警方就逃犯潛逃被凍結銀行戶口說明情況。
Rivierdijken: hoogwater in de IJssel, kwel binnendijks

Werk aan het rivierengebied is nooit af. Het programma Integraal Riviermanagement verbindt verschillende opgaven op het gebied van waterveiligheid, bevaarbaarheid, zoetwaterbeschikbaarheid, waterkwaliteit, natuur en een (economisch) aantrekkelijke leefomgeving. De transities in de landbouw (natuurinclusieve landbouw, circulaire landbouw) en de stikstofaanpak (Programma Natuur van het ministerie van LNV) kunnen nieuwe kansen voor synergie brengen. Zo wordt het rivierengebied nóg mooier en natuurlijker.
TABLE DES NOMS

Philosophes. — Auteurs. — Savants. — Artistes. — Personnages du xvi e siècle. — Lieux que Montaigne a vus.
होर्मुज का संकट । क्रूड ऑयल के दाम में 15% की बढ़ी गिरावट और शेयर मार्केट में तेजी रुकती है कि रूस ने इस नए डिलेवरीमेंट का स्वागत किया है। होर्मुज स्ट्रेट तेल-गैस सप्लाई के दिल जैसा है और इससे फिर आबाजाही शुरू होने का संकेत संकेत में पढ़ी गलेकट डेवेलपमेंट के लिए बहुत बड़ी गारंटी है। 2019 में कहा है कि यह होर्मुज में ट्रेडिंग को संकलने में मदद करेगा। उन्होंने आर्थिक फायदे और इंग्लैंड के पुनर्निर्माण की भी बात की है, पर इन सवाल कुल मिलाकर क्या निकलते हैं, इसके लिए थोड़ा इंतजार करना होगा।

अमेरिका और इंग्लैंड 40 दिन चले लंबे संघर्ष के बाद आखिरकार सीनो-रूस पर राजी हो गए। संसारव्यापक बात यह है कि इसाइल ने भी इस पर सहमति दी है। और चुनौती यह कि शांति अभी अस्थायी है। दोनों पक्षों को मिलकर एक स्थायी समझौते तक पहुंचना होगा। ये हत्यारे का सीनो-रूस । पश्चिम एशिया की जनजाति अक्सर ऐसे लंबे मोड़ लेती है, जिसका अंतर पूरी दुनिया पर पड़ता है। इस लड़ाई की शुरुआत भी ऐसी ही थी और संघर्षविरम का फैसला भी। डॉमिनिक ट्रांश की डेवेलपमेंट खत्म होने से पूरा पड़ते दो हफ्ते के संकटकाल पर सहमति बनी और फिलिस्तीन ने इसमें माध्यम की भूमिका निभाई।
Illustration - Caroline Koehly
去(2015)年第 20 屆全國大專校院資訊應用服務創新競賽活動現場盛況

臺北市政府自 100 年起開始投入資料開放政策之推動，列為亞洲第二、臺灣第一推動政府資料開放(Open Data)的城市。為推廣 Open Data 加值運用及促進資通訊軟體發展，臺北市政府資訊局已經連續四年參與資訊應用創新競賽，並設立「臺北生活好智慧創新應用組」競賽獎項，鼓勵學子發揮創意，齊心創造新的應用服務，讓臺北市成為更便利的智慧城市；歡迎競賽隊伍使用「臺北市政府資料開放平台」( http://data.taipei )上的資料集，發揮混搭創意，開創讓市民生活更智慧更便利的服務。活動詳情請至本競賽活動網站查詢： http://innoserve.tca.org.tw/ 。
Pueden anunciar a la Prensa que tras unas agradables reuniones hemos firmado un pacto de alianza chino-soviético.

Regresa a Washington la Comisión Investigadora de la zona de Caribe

+ + + + + + +

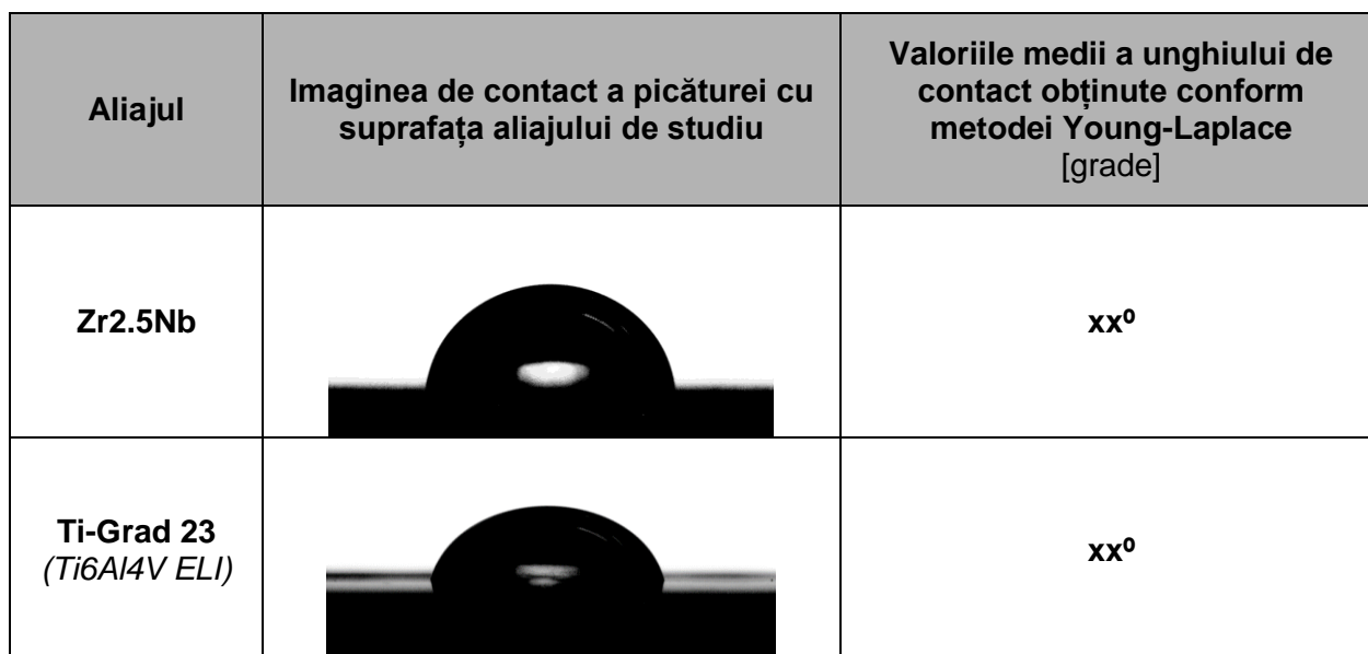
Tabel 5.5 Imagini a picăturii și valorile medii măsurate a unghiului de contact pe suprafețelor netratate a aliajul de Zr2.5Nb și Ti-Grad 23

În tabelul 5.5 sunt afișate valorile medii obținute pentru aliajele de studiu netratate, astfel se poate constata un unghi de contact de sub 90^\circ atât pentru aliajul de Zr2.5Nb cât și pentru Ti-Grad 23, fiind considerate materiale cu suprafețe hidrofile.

+ + + + + + +

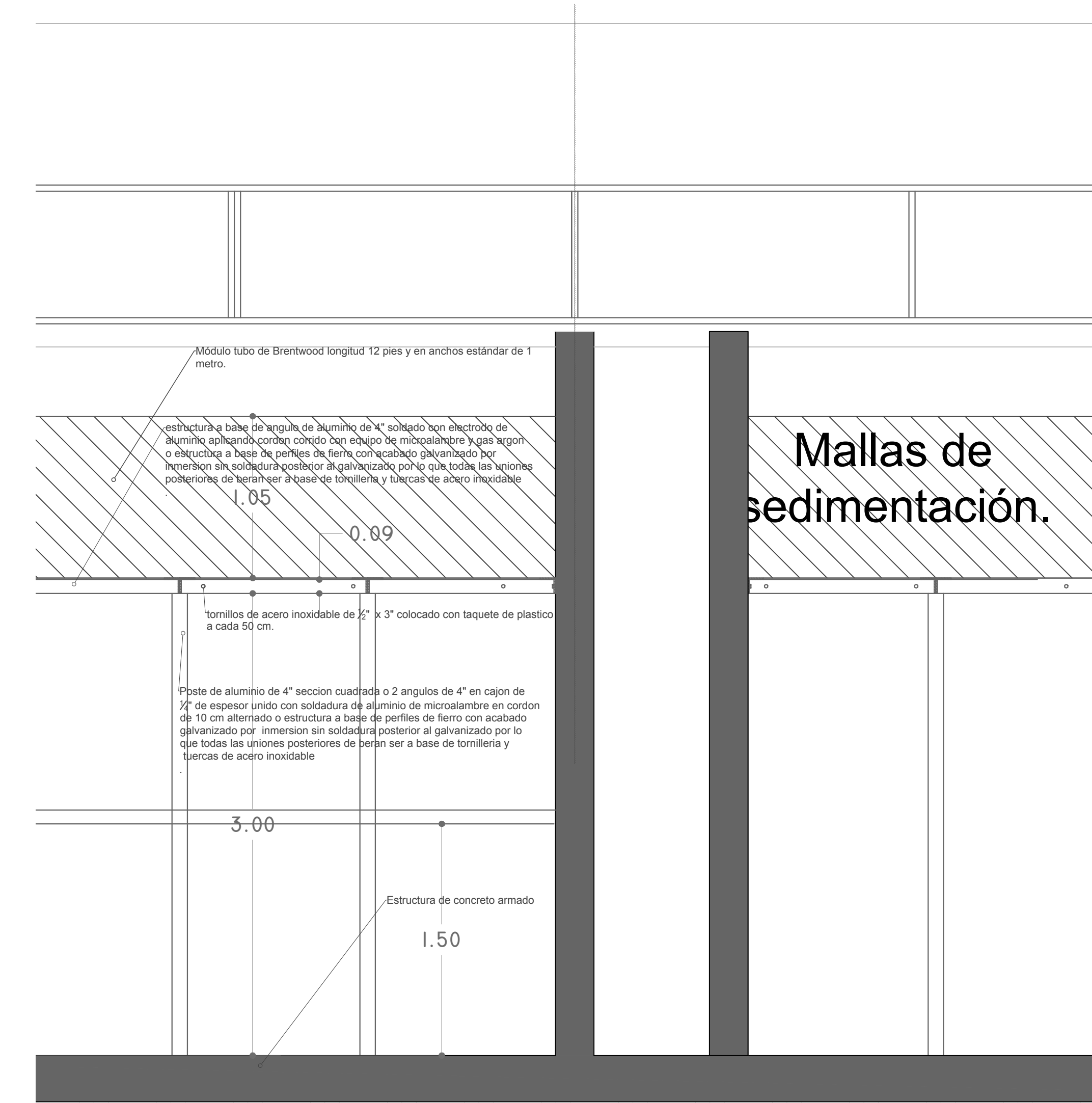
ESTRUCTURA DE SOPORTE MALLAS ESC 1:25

+ + + + + + +

■ What you have to do ■
All that is needed is the exact run of lines above from the line containing "警方就逃犯潛逃被凍結銀行戶口說明情況。" through the line containing "Philosophes. — Auteurs.", both of them included.

■ Finished exercise ■
警方就逃犯潛逃被凍結銀行戶口說明情況。
Rivierdijken: hoogwater in de IJssel, kwel binnendijks

Werk aan het rivierengebied is nooit af. Het programma Integraal Riviermanagement verbindt verschillende opgaven op het gebied van waterveiligheid, bevaarbaarheid, zoetwaterbeschikbaarheid, waterkwaliteit, natuur en een (economisch) aantrekkelijke leefomgeving. De transities in de landbouw (natuurinclusieve landbouw, circulaire landbouw) en de stikstofaanpak (Programma Natuur van het ministerie van LNV) kunnen nieuwe kansen voor synergie brengen. Zo wordt het rivierengebied nóg mooier en natuurlijker.
TABLE DES NOMS

Philosophes. — Auteurs. — Savants. — Artistes. — Personnages du xvi e siècle. — Lieux que Montaigne a vus.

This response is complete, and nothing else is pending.